I think the other thing that will pop up is B's gaffes, like I remember seeing a main-page link to the 'Obama - abbronzato' gaffe... besides that I wouldn't say many people have any idea whatsoever what is going on in Italy..

Obviously with my interest in the language it makes me click all these websites, sometimes to get 'up-to-speed' after only half-understanding the news report on RAI.
I do sometimes wonder if I didn't, would I read those pages? Would they interest me if I wasn't learning Italian?

Now I'm not sure what you mean by '*current Italian situation*', what does it refer to? Politics (piano casa), the ongoing Naples thing (the rubbish) the Amanda Knox trial, or the political standoff with Napolitano after he refused to sign the bill for assisted-suicide after the Eluana Inglaro case, or somethingelse? Or do you just mean _generally what does in in Italy_?


----------



## effeundici

Nothing precise actually; economical situation, political situation, culture, fashion, sport.

What is striking you most? What is Italy mentioned for in the press, on TV? 



cuchuflete said:


> Hello effeundici,
> 
> Would you be so kind as to explain precisely what you mean by the "current Italian situation"?


----------



## Alxmrphi

I think the blunt answer is, that it isn't really mentioned, nearly all our news reports are on either England or America and the occasional foreign story if something has happened like a kidnapping or something to do with the war in the middle east...

A quick glance at BBC news, nothing on the main page, not even a single link to a story in the Europe section, plenty of stuff on Russia/France/Germany...


----------



## tomzenith

To be honest the last time I remember a news story from Italy being big was years back when an exchange student, Meredith Kercher, was killed (in Perugia I think?). I remember it well because I had just headed out to Rome for a similar kind of exchange and I had my mum distraught on the phone to me every day, worrying about me! 

Aside from that, pretty much just what Alex said. I'm sure I've seen a couple of articles in the British press recentl about the Lega Nord, but they were comment things, not front-page stuff.


----------



## ernest_

There isn't exactly a lot of information over here either.
The last thing I remember was when the government threatened to expel illegal immigrants from the country, which was widely reported and commented in the mainstream media for some time.


----------



## effeundici

Well, I think it's normal you can't find so much information about Italy in your media; Italy is not USA, China, Russia or Iraq.

However there must be something every now and then; and even that can be interesting to understand the image we are exporting.


----------



## fffa4lulua

For what I understand, back in Taiwan I rarely heard anything about Italy in news unless there's a exposition of da Vinci coming up. People generally think Italia as one of the beautiful european country that they will never go. And the things that pop into most Taiwanese minds about Italia are the canals of Venice, the Coloseum and buildings of Roman time, Tower of Pisa(?) and spaghetti/pasta (as we call it "Italian noodle")


----------



## cuchuflete

effeundici said:


> Well, I think it's normal you can't find so much information about Italy in your media; Italy is not USA, China, Russia or Iraq.
> 
> However there must be something every now and then; and even that can be interesting to understand *the image we are exporting*.



Whatever you are exporting, it must be going to import markets other than the U.S.
I see much more about Evo Morales and Hugo Chavez, and Japan, Mexico, Cuba,  than about B and Italy.   

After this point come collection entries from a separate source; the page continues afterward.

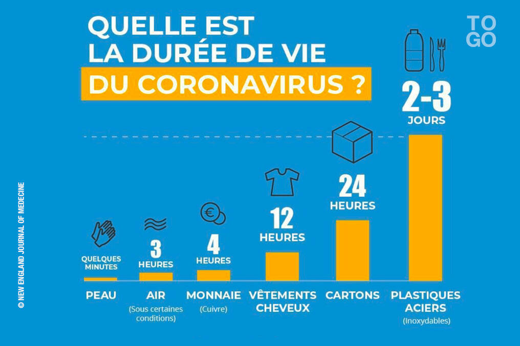 Le New England Journal of Medicine, révèle que le nouveau coronavirus résiste quelques minutes sur la peau, mais 12h sur les vêtements et les cheveux et jusqu’à 2 à 3 jours sur le plastique et l’acier.
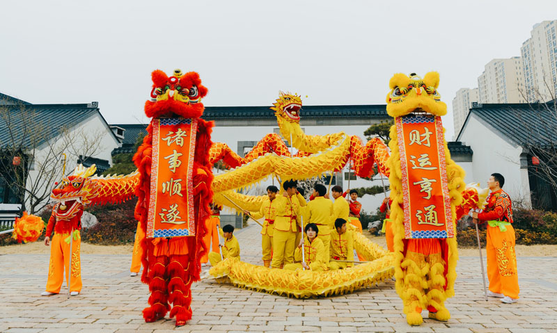 隨著激昂的鑼鼓聲響起,兩條金色巨龍和威風(fēng)凜凜的醒獅閃亮登場。舞龍者們步伐矯健,巨龍?jiān)谒麄兊奈鑴?dòng)下時(shí)而盤旋,時(shí)而騰飛,身姿矯健,氣勢磅礴。醒獅更是靈動(dòng)活潑,高高躍起,精準(zhǔn)地叼取懸掛在空中寫有“財(cái)運(yùn)亨通,諸事順?biāo)?rdquo;的對(duì)聯(lián),寓意著將財(cái)運(yùn)和福氣傳遞給現(xiàn)場的每一個(gè)人,引得觀眾陣陣歡呼。
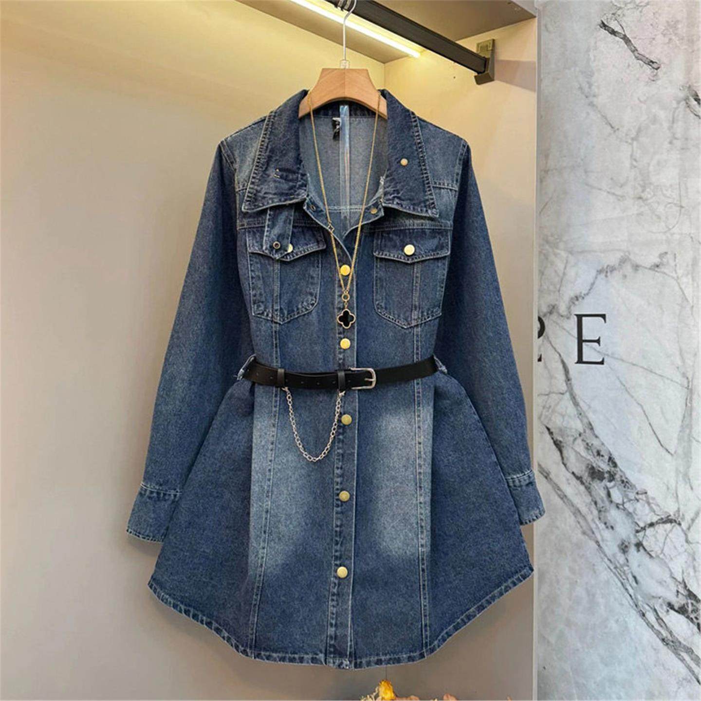 胖潮春季牛仔裙简约妹妹连衣裙腰带新款女装显瘦大码2026设计气质

Take my comment as a reference to the more serious print and internet news sources.
I don't own a TV, and don't know what the "popular press" has to say about Italy, if anything.


----------



## Alxmrphi

Well I was on the bus this morning and there is this free newspaper, and on page 3 there is a big article called "Silvio Berlusconi's G20 photo album" and it had pictures of him and little captions, and a photo of the latest gaffe (where the Queen wanted him to shut up), it was quite funny...
 
Instantly I thought of this thread here, it’s full of sentences like “*Maybe I already left for Italia. Maybe Meesta Obama laugh at me too much. He mucha different to Meesta Bush. I don’t know why but now everybody laugha at me*.”
 
(note the ‘Italian’ speak)
Apparently he was shouting so loud the Queen turned around and scowled at him anyway, another gaffe and therefore a mention in our press! J


----------



## effeundici

About italian pronounciation of English, check this 
http://forum.wordreference.com/showthread.php?t=1320329



Alex_Murphy said:


> Well I was on the bus this morning and there is this free newspaper, and on page 3 there is a big article called "Silvio Berlusconi's G20 photo album" and it had pictures of him and little captions, and a photo of the latest gaffe (where the Queen wanted him to shut up), it was quite funny...
> 
> Instantly I thought of this thread here, it’s full of sentences like “*Maybe I already left for Italia. Maybe Meesta Obama laugh at me too much. He mucha different to Meesta Bush. I don’t know why but now everybody laugha at me*.”
> 
> (note the ‘Italian’ speak)
> Apparently he was shouting so loud the Queen turned around and scowled at him anyway, another gaffe and therefore a mention in our press! J


----------



## sokol

Well, Berlusconi of course *is *news in Austria, but I guess most Austrians only have a rather blurred concept of Italian politics (most think it is rather chaotic, that's of course an old prejudice).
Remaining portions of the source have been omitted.